In February 2001 foot-and-mouth disease was discovered at an abattoir in Essex.

​It soon spread across the country and although there were only 2,000 cases in the UK the government ordered the slaughter of six million sheep, cattle and pigs in infected areas. 

It took nine months to bring foot-and-mouth under control, costing Britain’s economy £8 billion.


In the 1980s the emergency of AIDS (Acquired Immune Deficiency Syndrome) hit the world like a body blow.

The disease, which hit the body’s immune system and led to a painful death, was first spotted in drug addicts and homosexual men.

​It transpired that it was being passed by unsafe sex or by sharing drug needles.

​HIV - which develops from AIDS - spread from the homosexual to the heterosexual community and has so far killed 32 million people, out of 74 million who contracted it.

But retroviral drugs have now meant that most HIV positive in the West can live fairly ordinary lives and will not pass it on to sexual partners or to their children. But HIV continues to kill around 770,000 a year in the developing world.

Second World War

Of course the coronavirus crisis is a mere drop in the ocean compared to the biggest disaster of the 20th century - the Second World War.

In 1939 Adolf Hitler’s Germany invaded Poland, triggering a war with France and Britain.

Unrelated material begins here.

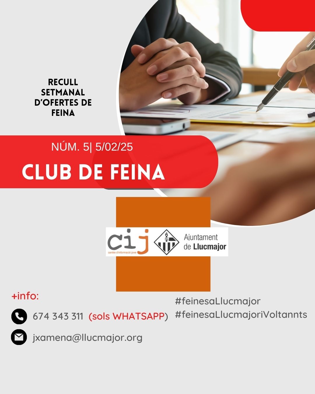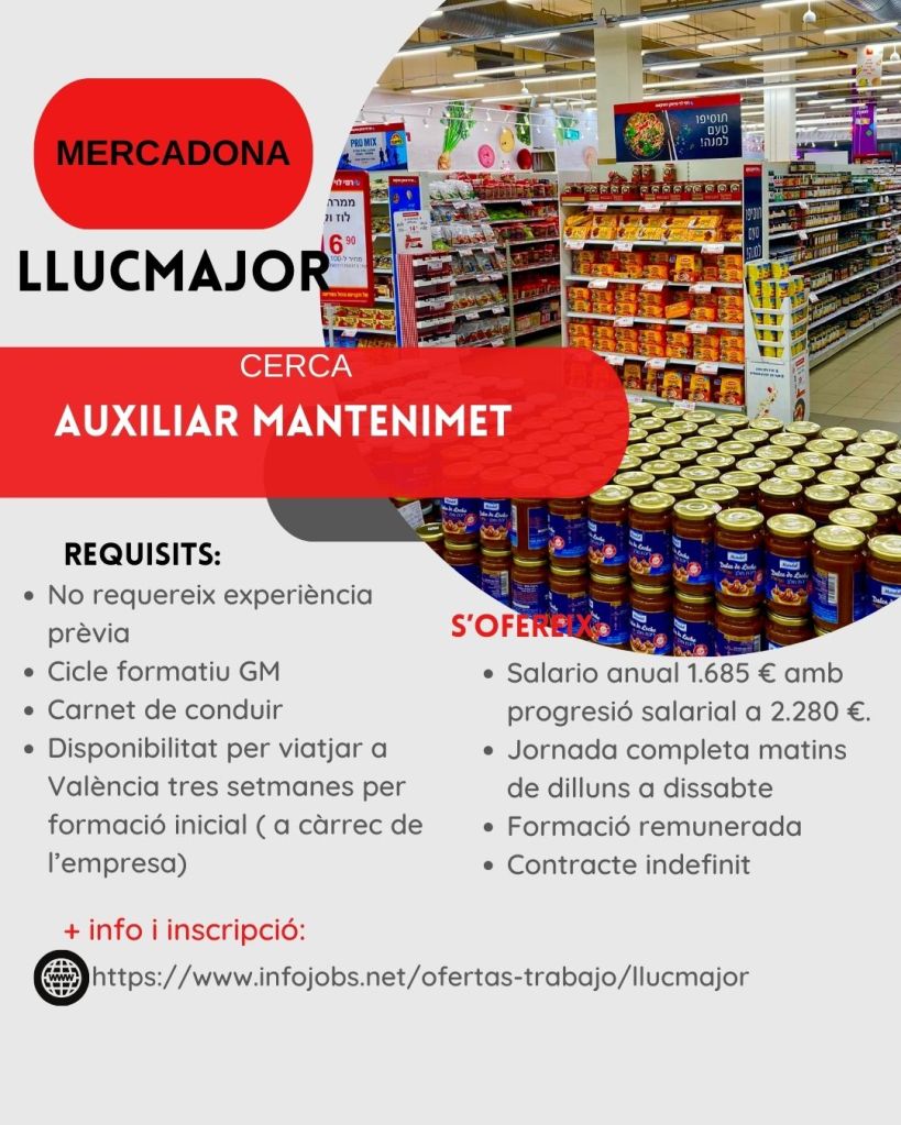 Club de feina núm. 5 | 6/02/2025 Publicat el 6 febrer 2025 per #enClauJove Ajuntament de Llucmajor #FeinaJove #OportunitatsDeFeina#feinesaLlucmajoriVoltants Comparteix això: Feu clic per compartir a X (S'obre en una nova finestra) X Feu clic per compartir al Facebook (S'obre en una nova finestra) Facebook M'agrada S'està carregant... Relacionats

The following summer the German army invaded and overran France, Belgium and Holland.

In June 1941 Hitler then invaded the Soviet Union and six months later the war became truly global when Japan attacked the US Navy at Pearl Harbor, bringing the Americans into the war on the Allies’ side.

© Sputnik / Evgeny Haldey / Go to the photo bankThe Great Patriotic War, 1941-1945. On the streets of Budapest after liberation from the Nazis occupation, February 1945
The End Of The World? How The COVID-19 Compares With Previous Global Crises - Sputnik International
The Great Patriotic War, 1941-1945. On the streets of Budapest after liberation from the Nazis occupation, February 1945

After four more years of bitter and bloody conflict Germany was finally forced to surrender - but only after Hitler committed suicide in his bunker in Berlin - and Japan also threw the towel in after the US dropped two atomic bombs on Hiroshima and Nagasaki.

The war caused 73 million deaths around the world and devastated the economies of Germany, Japan, Britain, France and the Soviet Union.

But the German and Japanese economies bounced back to become two of the most successful in the world.